La información con abundante apoyo fotográfico sobre los funcionarios de la Ciudad de la Justicia de Valencia que fichan a la entrada y se marchan no sólo ha suscitado una contradictoria reacción de la Generalitat y los sindicatos, que se han extendido en variopintas justificaciones. Desde el pasado viernes, carteles con la fotografía del periodista de Levante-EMV que narró las primeras entregas del escándalo circulan y ocupan paredes y otros espacios de salas del complejo, incluida la de la Fiscalía, esa institución que, precisamente, tiene encomendada constitucionalmente la defensa de la legalidad y la persecución del delito tanto de oficio como a instancia de parte.

Como si estuviéramos en los tiempos del lejano Oeste americano, los profesionales que pusieron de relieve una información cierta, demostrada y de gran interés son señalados y estigmatizados cual delincuentes con el fin de entorpecer al máximo su tarea informativa.

Matar al mensajero es una atrocidad que ha estado y está a la orden del día en según qué épocas, inframundos, países y regímenes políticos.

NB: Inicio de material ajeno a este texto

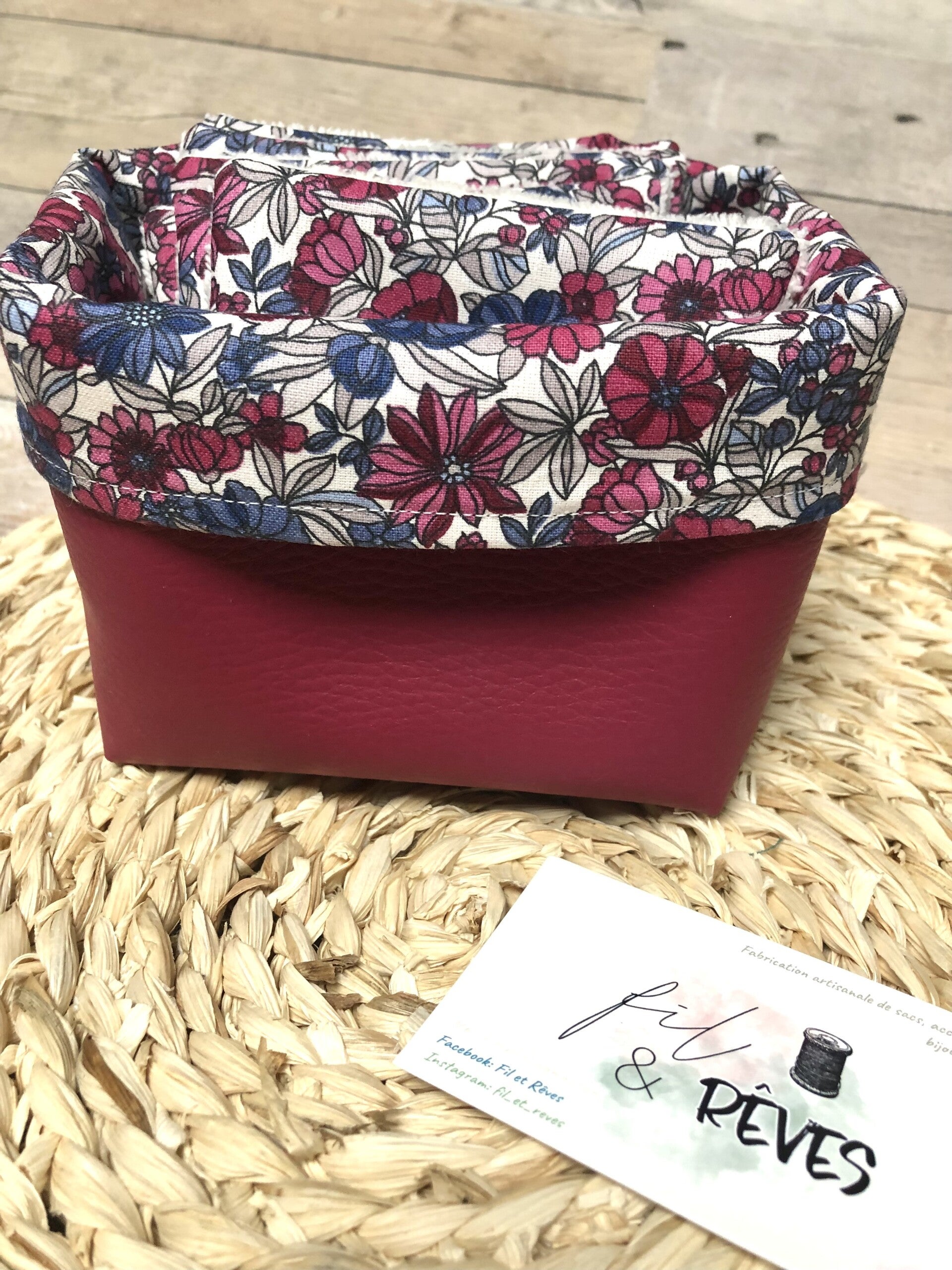 Panière de rangement en simili cuir et doublée en coton, elle vous permettra de ranger vos lingettes mais également votre maquillage, petits produits de toilettes,...etc.

Pero que se practique ahora y aquí y en el lugar donde se imparte justicia y donde por tanto menudean los secretarios, jueces y fiscales, resulta doblemente inadmisible. Por más que la modalidad elegida por los absentistas para perpetrar su venganza haya sido el asesinato de carácter, ni el fiscal superior de la CV Ricard Cabedo ni la fiscal jefe de Valencia Teresa Gisbert pueden llamarse a andana como ha terminado haciendo Rafael Blasco respecto al escaqueo funcionarial.